Left communism differs from most other forms of Marxism in believing that communists should not participate in bourgeois parliaments, and some argue against participating in conservative trade unions. However, many left communists split over their criticism of the Bolsheviks. Council communists criticised the Bolsheviks for elitist party functions and emphasised a more autonomous organisation of the working class, without political parties.

Although she was murdered in 1919 before left communism became a distinct tendency, Rosa Luxemburg has been heavily influential for most left communists, both politically and theoretically. Proponents of left communism have included Herman Gorter, Antonie Pannekoek, Otto Rühle, Karl Korsch, Amadeo Bordiga and Paul Mattick. Other proponents of left communism have included Onorato Damen, Jacques Camatte, and Sylvia Pankhurst. Later prominent theorists are shared with other tendencies such as Antonio Negri, a founding theorist of the autonomist tendency. Specific currents that can be labelled part of left communism include Bordigism, Luxemburgism, and communization.

Early history and overview 
Two major traditions can be observed within left communism, namely the Dutch–German current and the Italian current. The political positions those traditions share are opposition to popular fronts, to many kinds of nationalism and national liberation movements and to parliamentarianism.

The historical origins of left communism come from World War I. Most left communists are supportive of the October Revolution in Russia, but retain a critical view of its development. However, some in the Dutch–German current would in later years come to reject the idea that the revolution had a proletarian or socialist nature, arguing that it had simply carried out the tasks of the bourgeois revolution by creating a state capitalist system.

Left communism first came into focus as a distinct movement around 1918. Its essential features were a stress on the need to build a communist party or workers' council entirely separate from the reformist and centrist elements who "betrayed the proletariat", opposition to all but the most restricted participation in elections and an emphasis on militancy. Apart from this, there was little in common between the two wings. Only the Italians accepted the need for electoral work at all for a very short period of time which they later vehemently opposed, attracting criticism from Vladimir Lenin in "Left-Wing" Communism: An Infantile Disorder.

Russian left communism 
Left Bolshevism emerged in 1907 as the Vpered group challenged Vladimir Lenin's perceived authoritarianism and parliamentarianism. The group included Alexander Bogdanov, Maxim Gorky, Anatoly Lunacharsky, Mikhail Pokrovsky, Grigory Aleksinsky, Stanislav Volski and Martyn Liadov. The Otzovists, or Recallists, advocated the recall of RSDLP representatives from the Third Duma. Bogdanov and his allies accused Lenin and his partisans of promoting liberal democracy through "parliamentarism at any price".

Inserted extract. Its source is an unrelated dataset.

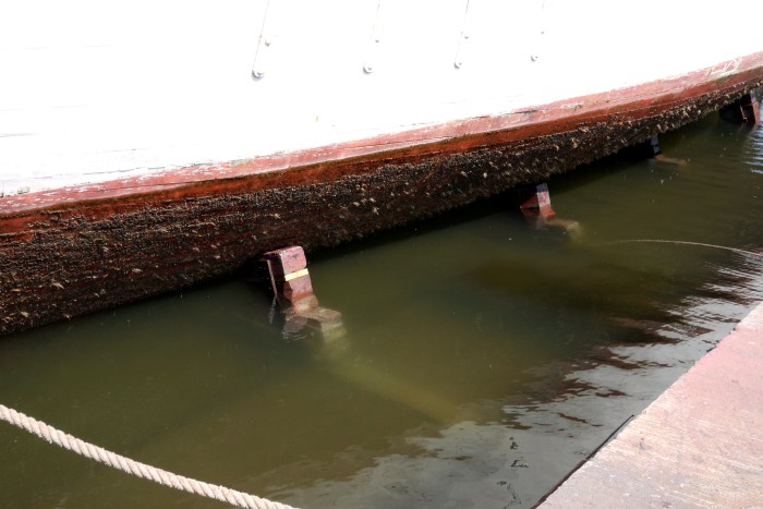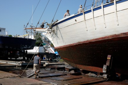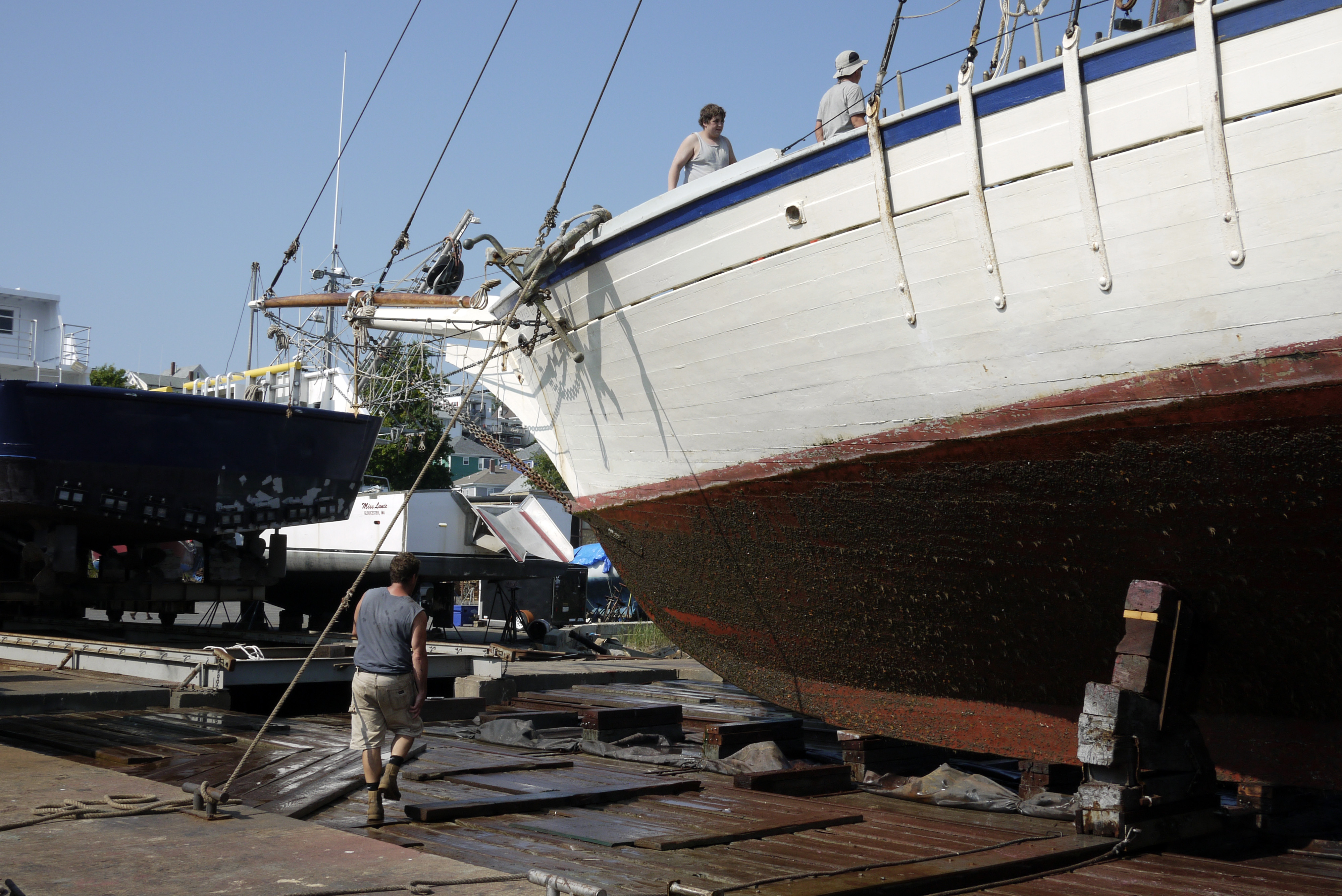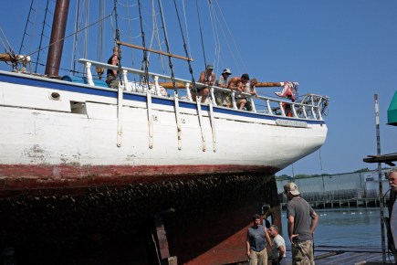 The 131 foot, 95 ton schooner Harvey Gamage is in town for this weekend’s Schooner Festival. On Tuesday afternoon it was moved from its berth at the State Fish Pier to Rose’s Marine where it was positioned, secured and lifted on the yard’s drydock for bottom cleaning and maintenance. The operation took more than an hour and involved both mechanical and hydraulic devices as well as a good deal of plain old muscle power.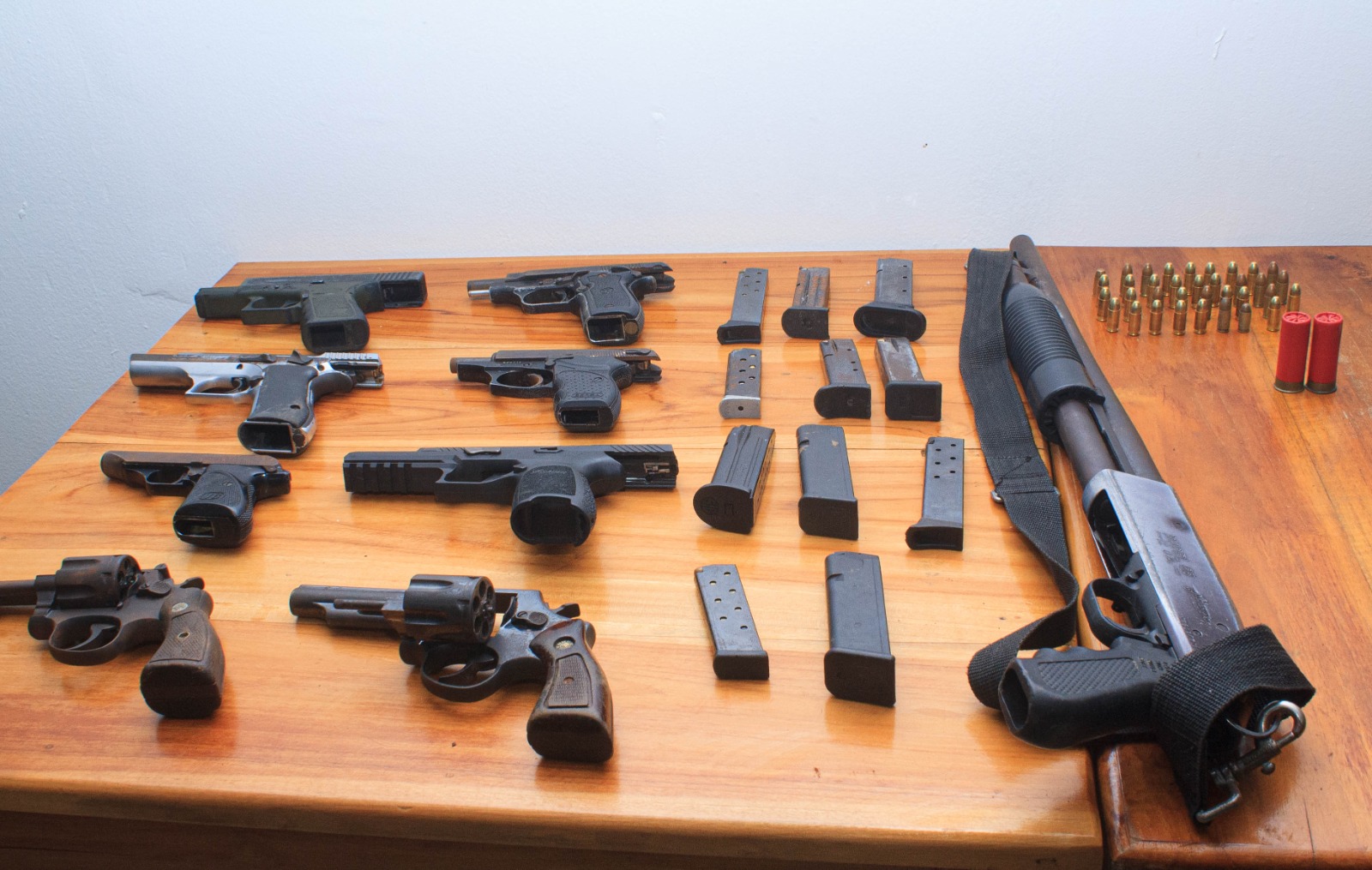 En la diligencia se ubican en total nueve armas de fuego, de estas seis pistolas, dos revólveres y una escopeta, además de 155 municiones de diferentes calibres, un paquete rectangular contentivo de presuntas drogas y once proveedores.

In 1918, a faction emerged within the Russian Communist Party named the Left Communists which opposed the signing of the Brest-Litovsk peace treaty with Imperial Germany. The Left Communists wanted international proletarian revolution across the world. In the beginning, the leader of this faction was Nikolai Bukharin. They stood for a revolutionary war against the Central Powers; opposed the right of nations to self-determination (specifically in the case of Poland since there were many Poles in this communist group and they did not want a Polish capitalist state to be established); and they generally took a voluntarist stance regarding the possibilities for social revolution at that time. They began to publish the newspaper Kommunist. 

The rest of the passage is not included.